軽症の場合、消炎剤や抗生物質を服用します。さらに耳の炎症を緩和させる薬液による治療を行います。高熱や強い痛み、鼓膜の腫れがひどいなどの症状がある場合は、鼓膜を切開して膿を排出する治療を行うこともあります。 急性中耳炎の場合、何度も繰り返す度に鼓膜切開を行うケースがありますが、切開した鼓膜は10-14日間で自然と塞がるため心配いりません。抗生物質に対して抵抗力をつけた薬剤耐性菌による急性中耳炎が増加傾向にあるため、抗生物質の使用方法に注意が必要です。

急性中耳炎は治りにくいようですが完治しますか?

最後までしっかりと治療を受けることで完治できます。しかし途中で治療を中断、放置すると慢性化してしまうほか、急性中耳炎の再発・滲出性中耳炎・反復性中耳炎・慢性中耳炎を引き起こします。急性中耳炎は医師が完治を認めるまで、しっかりと治療を行うことが重要です。

滲出性中耳炎になる理由とは?

急性中耳炎が完全に治らず、鼓膜内に膿が溜まってしまう状態を滲出性中耳炎といいます。

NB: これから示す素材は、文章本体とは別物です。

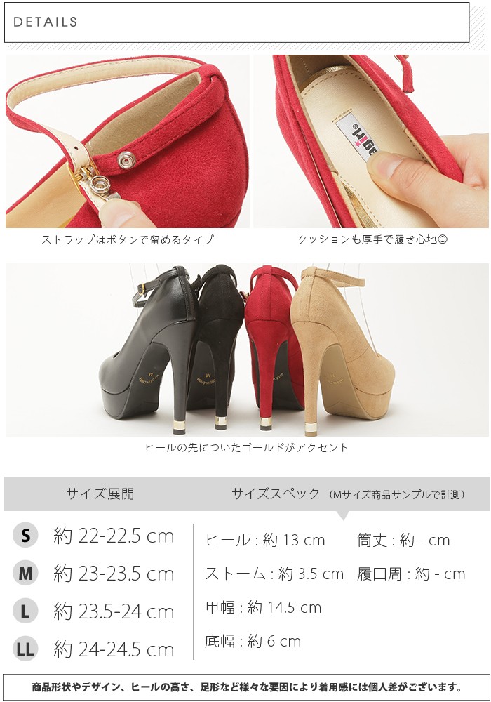 | カラー | 01. ブラックスムース 02. ブラックスエード 03. ベージュスエード 04. レッドスエード |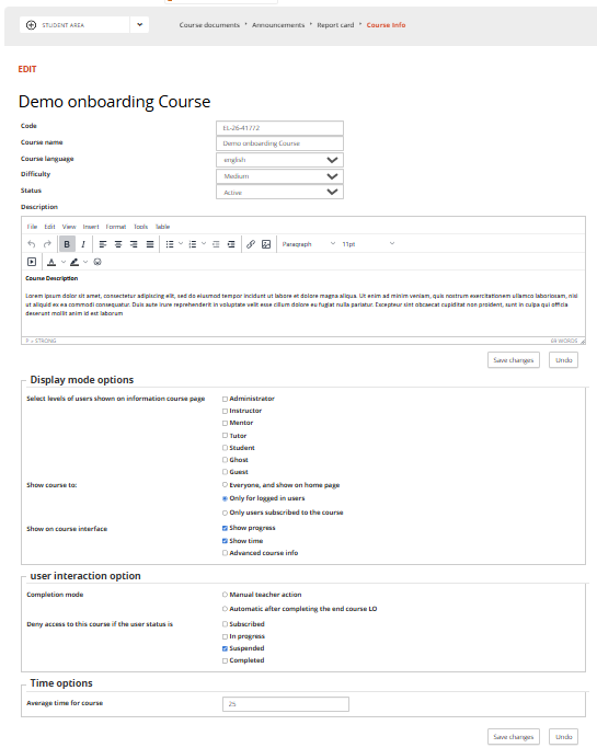 This module will disply a structured info page for the course: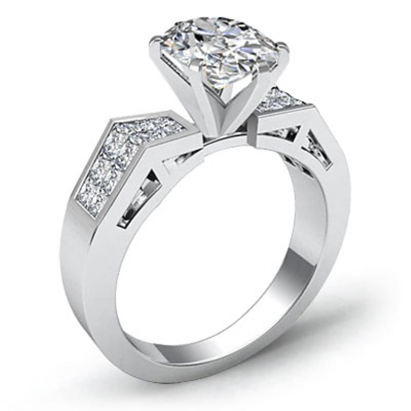 Invisible Classic Side Stone style Engagement Ring, center is Oval shape Diamond Report by GIA, D Color & VS2 clarity, Made in 14k White Gold (1.21 ct. tw.)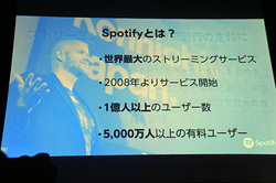 そのうえで玉木氏は、自身が運営に携わるSpotifyについて紹介。2008年にサービス開始し、現在では1億人以上のユーザー数がいて、うち約半数の5,000万人以上が有料ユーザーであることなどをあらためて語った。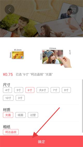 3、點擊【選擇】按鈕,挑選照片尺寸(如6寸)、材質(zhì)(如光面)、相紙類型,選好后點擊【確定】。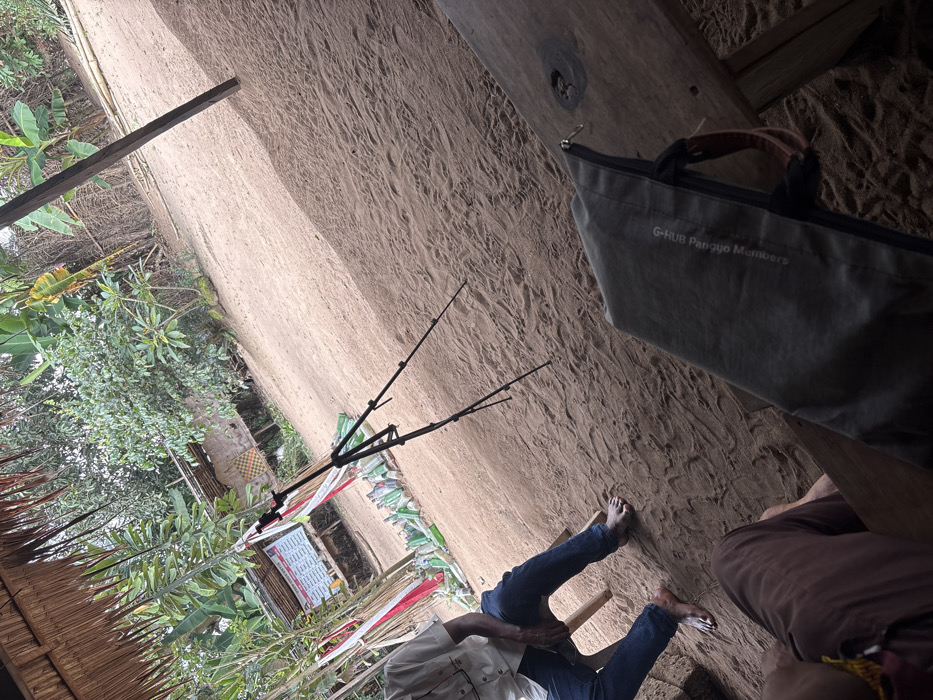 The scene depicts an outdoor sandy area in Uyo, Nigeria, under a thatched roof structure supported by a dark wooden beam visible on the right. In the immediate foreground on the right, a weathered wooden bench or table hosts a grey canvas bag with "G-Hub Pangyo Members" printed vertically on its side, partially unzipped. To the left, a male subject is seated on a low, light-colored chair, visible from the torso down. He wears a light-colored short-sleeved collared shirt and blue jeans, with both bare feet resting on the sandy ground. His left hand is positioned as if holding a dark object. In the mid-ground, a black tripod stands upright on the sand, oriented towards a rustic shelter. This shelter, constructed with natural materials and a thatched roof, features a white sign with dark text in multiple rows, details illegible, and a woven mat decoration on its side. In front of the shelter, a line of clear and green glass bottles is arranged horizontally on the sand. Several long, thin wooden poles, some adorned with strips of red and white fabric, lean against structures near the shelter. The background behind the shelter and bottles consists of lush tropical vegetation, including banana plants and various trees. The sandy ground exhibits footprints and uneven textures. Another individual, wearing brown trousers, is partially visible in the bottom-left foreground, likely seated near the photographer.

通常中耳炎の膿は耳管を通じてのどの方に排出されたり、中耳粘膜に吸収されたりしますが、アレルギー性鼻炎や副鼻腔炎などの疾患や、のどが慢性的に炎症を起こしている場合、アデノイド肥大などで耳管の機能が低下していると、滲出性中耳炎を発症しやすいとされています。また中耳に溜まる液体は、中耳粘膜からしみ出た膿です。鼓膜が正常であれば、入浴や水泳などによって水が中耳に侵入することはありません。

滲出性中耳炎はどんな症状が出ますか?

主に難聴の症状が現れます。急性中耳炎のように強い痛みや発熱は伴いません。また難聴の症状も軽度であることが多いため、中耳炎になかなか気付かないことが多いとされます。特に小さいお子さんは上手に伝えられず、周囲の大人もなかなか気付けないことが多く見られます。名前を呼んでも返事がないなど、聞こえづらい様子の場合は、早めにご相談ください。

滲出性中耳炎の治療方法は?

中耳に溜まっている液を除去する治療と、原因となる鼻やのどの疾患の治療を同時に行うことが大切です。軽度の場合は薬物の処方または自己通気を行います。難聴が酷ひどい場合は、鼓膜切開術によって溜まった液体を除去していきます。滲出性中耳炎を何度も繰り返す場合は、チューブを鼓膜に挿入する手術治療が検討されます。

慢性中耳炎になるのはなぜですか?

慢性中耳炎には、慢性化膿性中耳炎と真珠腫性中耳炎の2種類があります。滲出性中耳炎は、しっかりと治療を行えば10歳頃までには完治しますが、一部は真珠腫性中耳炎に進行してしまいます。 慢性化膿性中耳炎は、急性中耳炎をそのまま放置してしまうことで、鼓膜に穴が開き、耳だれが繰り返し起こる状態です。また真珠腫性中耳炎は、中耳周囲の骨を壊して病状が進行する疾患です。進行すると三半規管に支障を起こして、めまいが生じたり、顔面神経麻痺が現れたりします。重度になると髄膜炎を引き起こすため、注意が必要です。

慢性中耳炎の治療方法を教えてください。

慢性中耳炎は、鼓膜に穴が開いているため、この穴を塞ぐ手術治療が必要です。また真珠腫性中耳炎の完治には、手術治療が必要となります。